WHAT IS NEEDED:
Leave every image out, and print the remaining lines below exactly.

SUPPLIED INFORMATION:
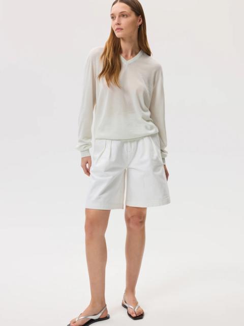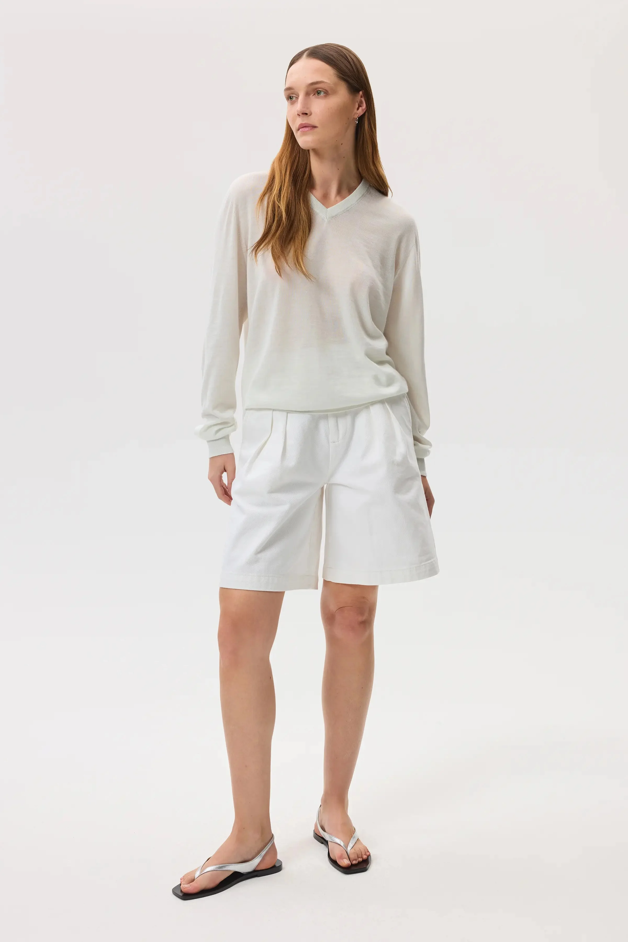 Our unisex slim-fit V-neck sweater in Zinc White is a must-have for your wardrobe. Featherlight and soft to the touch, it keeps you cool in summer and layers perfectly in cooler months. Modern, versatile, and endlessly wearable—this is style made simple. Zinc White – A Sophisticated Soft White with a Subtle Grey Undertone. The Finer Details: - Zinc White Superfine Cashmere V Neck - 100% Cashmere 3 Ply: Three individual strands are twisted to create this yarn, producing a durable, lightweight knit. - V Neck - Slim Fit - Female Model is 176cm / 5ft9.5", UK 8, Chest 81cm / 32" | Male Model is 189cm / 6ft2.5", Chest 91cm / 36" - Model wears size M - Length: 66cm | 25.5" - This is based on size 'S' as proportions change slightly according to size. - Hand Wash - Free Worldwide Delivery
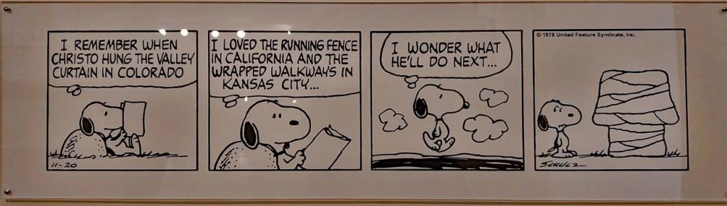 Besonders gefallen hat mir persönlich die Comicsequenz, in der Snoopy’s Hundehütte von Christo verpackt wird – eine witzige Hommage, die ich vorher nicht kannte und die mich sofort angesprochen hat, da mich das Thema ohnehin interessiert.
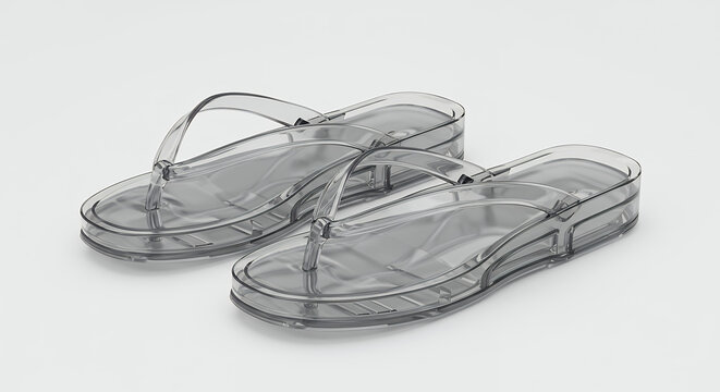 Clear Plastic Flip Flops on White Background for Summer Footwear

EXERCISE OUTPUT:
 Our unisex slim-fit V-neck sweater in Zinc White is a must-have for your wardrobe. Featherlight and soft to the touch, it keeps you cool in summer and layers perfectly in cooler months. Modern, versatile, and endlessly wearable—this is style made simple. Zinc White – A Sophisticated Soft White with a Subtle Grey Undertone. The Finer Details: - Zinc White Superfine Cashmere V Neck - 100% Cashmere 3 Ply: Three individual strands are twisted to create this yarn, producing a durable, lightweight knit. - V Neck - Slim Fit - Female Model is 176cm / 5ft9.5", UK 8, Chest 81cm / 32" | Male Model is 189cm / 6ft2.5", Chest 91cm / 36" - Model wears size M - Length: 66cm | 25.5" - This is based on size 'S' as proportions change slightly according to size. - Hand Wash - Free Worldwide Delivery
 Besonders gefallen hat mir persönlich die Comicsequenz, in der Snoopy’s Hundehütte von Christo verpackt wird – eine witzige Hommage, die ich vorher nicht kannte und die mich sofort angesprochen hat, da mich das Thema ohnehin interessiert.
 Clear Plastic Flip Flops on White Background for Summer Footwear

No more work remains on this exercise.